GitHub action to use `systemd-nspawn` to run commands in a (un)booted container on a Raspberry Pi SD card image

[`systemd-nspawn`](https://www.freedesktop.org/software/systemd/man/latest/systemd-nspawn.html) is
used to run commands in a light-weight namespace container, like chroot but with full virtualization
of the file system hierarchy, the process tree, the various IPC subsystems, and the host and domain
name. It can also be used to boot the image's init program (which is usually systemd) as an OS; this
action makes it easy to run a set of shell commands whether or not the OS is booted in the
container.
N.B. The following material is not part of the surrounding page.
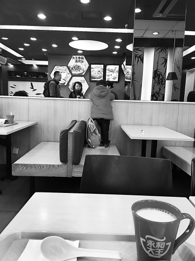 近日,在軍博一處快餐店里,記者就看到了這樣的一幕,一位帶著孩子吃飯的媽媽先將孩子放在座位上,然后跑到餐廳的點(diǎn)餐臺點(diǎn)餐。
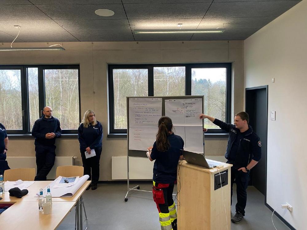 Nach den theoretischen Unterrichtsblöcken wurde es praktisch: In Gruppenarbeit wurden unterschiedliche Einsatzszenarien betrachtet. Im Anschluss wurden die jeweiligen fiktiven Einsatzstellen angefahren. Durch die praktischen und theoretischen Übungseinheiten wurde insbesondere die Zusammenarbeit den unterschiedlichen Führungsebenen geübt. Gerade der Perspektivwechsel im Hinblick auf Führungs- und Entscheidungsprozesse im Einsatz konnte durch die interdisziplinäre Zusammenarbeit auf Führungsebene weiterentwickelt werden.

You can use this action to set up Docker containers as part of your OS image build
process in GitHub Actions!

Note that currently only unbooted containers work correctly on GitHub's new hosted arm64 runners;
booted systemd-nspawn containers spontaneously initiate shutdown as soon as the system boot sequence
reaches the login prompt. Maybe that's a bug which will magically go away after the hosted arm64
runners exit public preview (this is wishful thinking). If you want to start or interact with the
Docker daemon inside an unbooted container on an arm64 runner, you will need instantiate the
container with the `CAP_NET_ADMIN` capability (to make iptables work as required by Docker) and then
manually start both containerd (by launching `/usr/bin/containerd` as a background process) and the
Docker daemon (by launching `/usr/bin/dockerd` as a background process). See
[the relevant example](#interact-with-docker-in-an-unbooted-container) below for an illustration of
how to do this.

## Motivation

Unlike the [alternatives](#alternatives) listed below (which you should evaluate based on your own
project's requirements to see which ones might be more appropriate for you),
`ethanjli/pinspawn-action` attempts to provide a bare-minimum abstraction which gets you **closer**
to shell scripting - it tries to minimize the amount of tool-specific abstraction for you to learn,
and the only thing you can do with it is to run your own shell commands/scripts.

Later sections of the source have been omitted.